• [Data for the task]
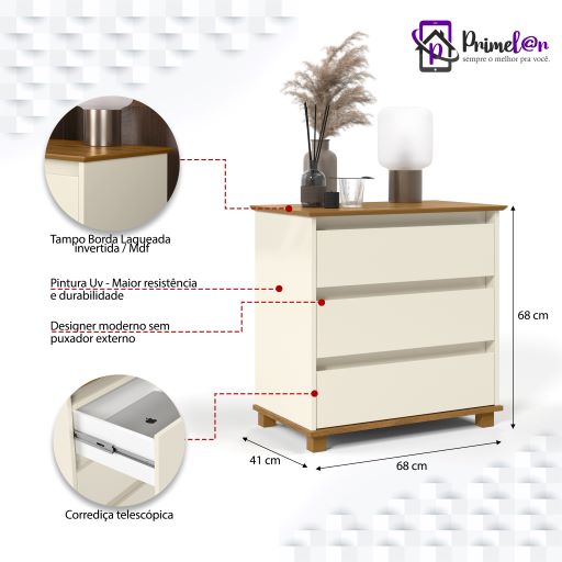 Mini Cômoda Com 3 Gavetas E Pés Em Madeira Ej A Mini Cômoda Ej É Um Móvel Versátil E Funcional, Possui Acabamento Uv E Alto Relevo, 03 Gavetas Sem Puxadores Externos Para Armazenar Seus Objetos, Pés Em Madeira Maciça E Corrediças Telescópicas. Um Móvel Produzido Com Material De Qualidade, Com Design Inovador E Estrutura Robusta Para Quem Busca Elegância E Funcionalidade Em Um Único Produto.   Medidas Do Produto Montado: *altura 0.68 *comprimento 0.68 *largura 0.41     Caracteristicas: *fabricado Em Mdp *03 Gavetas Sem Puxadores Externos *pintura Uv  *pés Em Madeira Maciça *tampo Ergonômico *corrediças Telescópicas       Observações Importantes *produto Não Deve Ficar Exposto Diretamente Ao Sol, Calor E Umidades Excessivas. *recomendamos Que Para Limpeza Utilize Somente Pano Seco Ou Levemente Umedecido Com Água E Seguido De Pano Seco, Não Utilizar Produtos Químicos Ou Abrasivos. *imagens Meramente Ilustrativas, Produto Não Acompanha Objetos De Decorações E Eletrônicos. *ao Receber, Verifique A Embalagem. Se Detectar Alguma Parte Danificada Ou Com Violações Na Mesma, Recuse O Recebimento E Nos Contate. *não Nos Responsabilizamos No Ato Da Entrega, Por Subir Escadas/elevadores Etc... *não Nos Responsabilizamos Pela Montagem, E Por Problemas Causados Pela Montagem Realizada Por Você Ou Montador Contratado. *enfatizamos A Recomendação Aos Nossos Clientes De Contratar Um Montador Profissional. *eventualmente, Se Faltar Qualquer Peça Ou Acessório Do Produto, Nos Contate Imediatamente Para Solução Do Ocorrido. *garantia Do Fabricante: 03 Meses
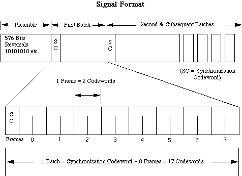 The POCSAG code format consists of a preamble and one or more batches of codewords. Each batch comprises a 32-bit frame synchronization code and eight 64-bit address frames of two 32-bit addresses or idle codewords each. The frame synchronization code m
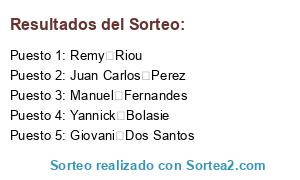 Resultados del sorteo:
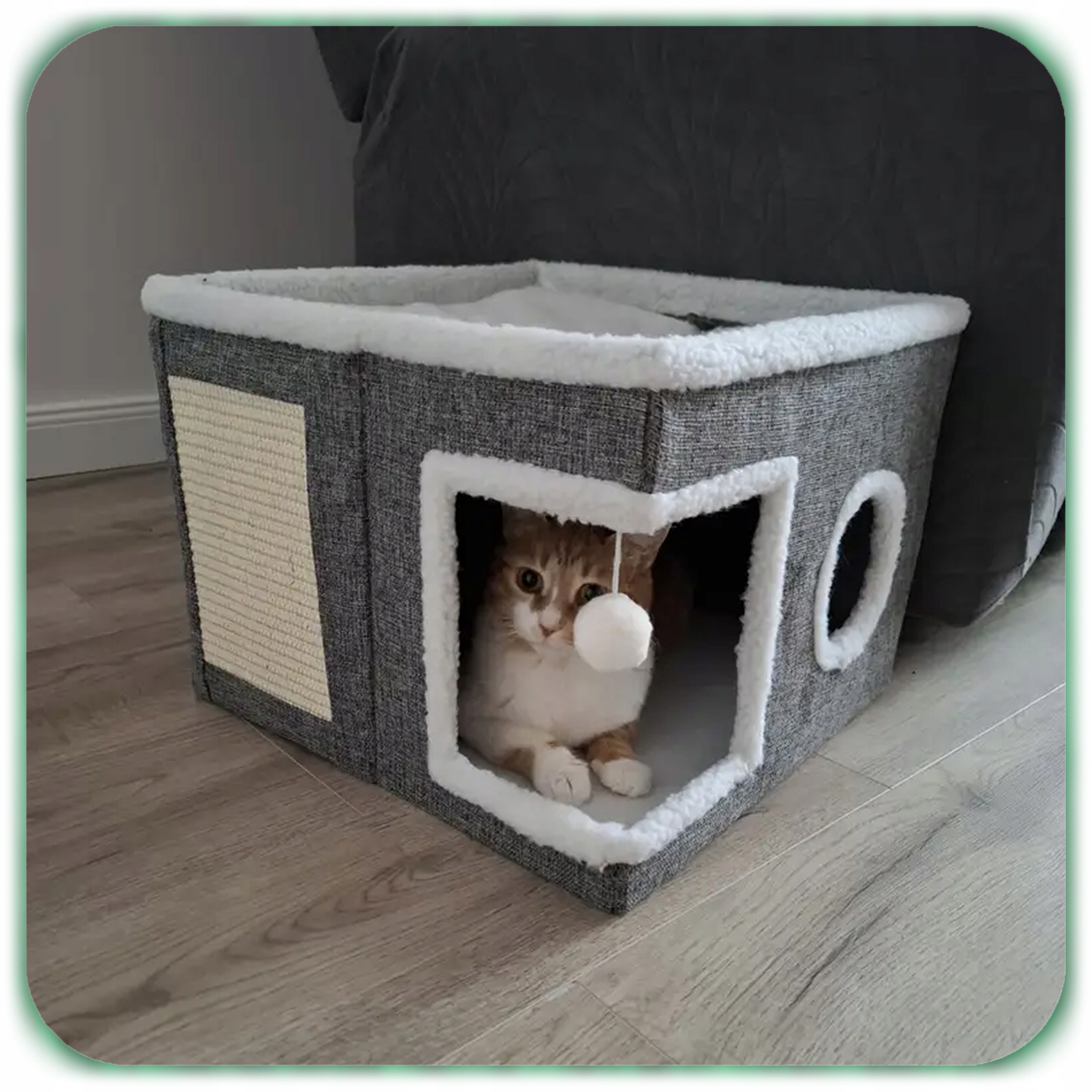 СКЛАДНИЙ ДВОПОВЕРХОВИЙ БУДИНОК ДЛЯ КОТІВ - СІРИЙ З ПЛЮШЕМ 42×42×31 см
---
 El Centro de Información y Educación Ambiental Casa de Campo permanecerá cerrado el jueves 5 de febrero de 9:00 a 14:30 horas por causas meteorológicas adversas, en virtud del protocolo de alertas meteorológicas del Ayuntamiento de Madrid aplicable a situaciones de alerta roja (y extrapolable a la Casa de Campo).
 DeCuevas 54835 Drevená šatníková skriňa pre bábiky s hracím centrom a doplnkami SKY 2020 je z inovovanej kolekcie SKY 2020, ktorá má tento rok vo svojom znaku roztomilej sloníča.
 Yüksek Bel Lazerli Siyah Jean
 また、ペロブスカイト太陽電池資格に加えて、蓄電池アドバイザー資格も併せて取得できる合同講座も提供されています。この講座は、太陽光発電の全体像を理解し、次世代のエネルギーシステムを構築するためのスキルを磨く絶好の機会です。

• [Exercise aim] Nothing but the lines from the one with "The POCSAG code" to the one with "СКЛАДНИЙ ДВОПОВЕРХОВИЙ БУДИНОК" above, both included, should be transcribed, exactly and without pictures.

• [Response]
 The POCSAG code format consists of a preamble and one or more batches of codewords. Each batch comprises a 32-bit frame synchronization code and eight 64-bit address frames of two 32-bit addresses or idle codewords each. The frame synchronization code m
 Resultados del sorteo:
 СКЛАДНИЙ ДВОПОВЕРХОВИЙ БУДИНОК ДЛЯ КОТІВ - СІРИЙ З ПЛЮШЕМ 42×42×31 см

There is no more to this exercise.